Problem to solve
Using the listing below, retype exactly the lines starting at the one with "Hoe u annulering" and ending at the one with "深皿と蓋、カトラリー、つまよ", and include both.

Supplied material
▼
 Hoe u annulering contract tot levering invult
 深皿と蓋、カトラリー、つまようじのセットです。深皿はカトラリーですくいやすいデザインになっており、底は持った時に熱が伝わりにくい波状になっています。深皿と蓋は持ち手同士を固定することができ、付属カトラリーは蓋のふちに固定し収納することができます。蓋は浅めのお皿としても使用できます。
▲
▼
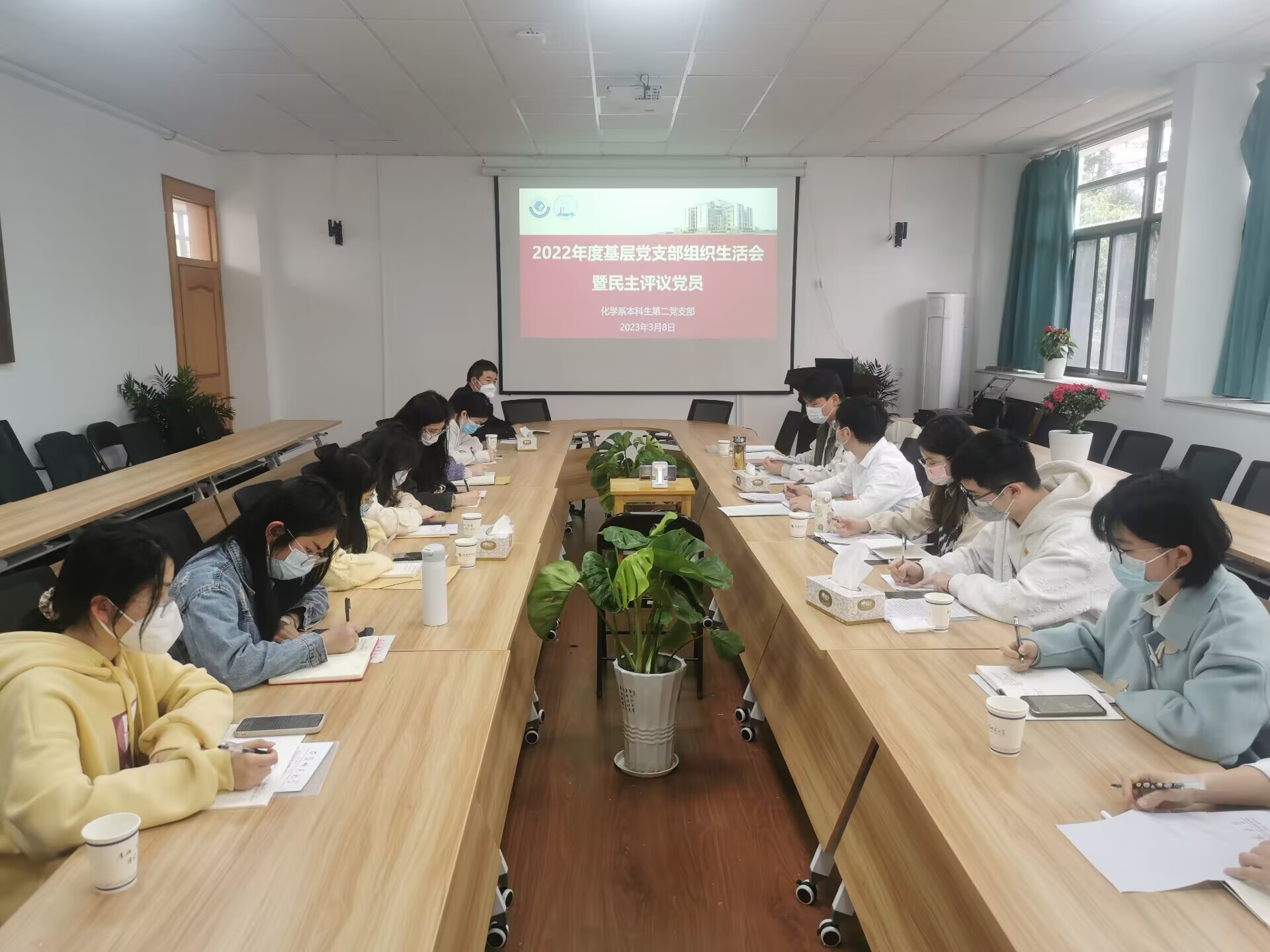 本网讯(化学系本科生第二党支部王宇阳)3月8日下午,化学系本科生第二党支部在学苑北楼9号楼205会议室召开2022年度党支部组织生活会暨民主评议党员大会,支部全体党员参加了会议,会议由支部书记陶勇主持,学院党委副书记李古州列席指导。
▲
▼
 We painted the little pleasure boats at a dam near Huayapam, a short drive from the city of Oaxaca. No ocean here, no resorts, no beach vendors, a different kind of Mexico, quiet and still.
▲
Expected answer
 Hoe u annulering contract tot levering invult
 深皿と蓋、カトラリー、つまようじのセットです。深皿はカトラリーですくいやすいデザインになっており、底は持った時に熱が伝わりにくい波状になっています。深皿と蓋は持ち手同士を固定することができ、付属カトラリーは蓋のふちに固定し収納することができます。蓋は浅めのお皿としても使用できます。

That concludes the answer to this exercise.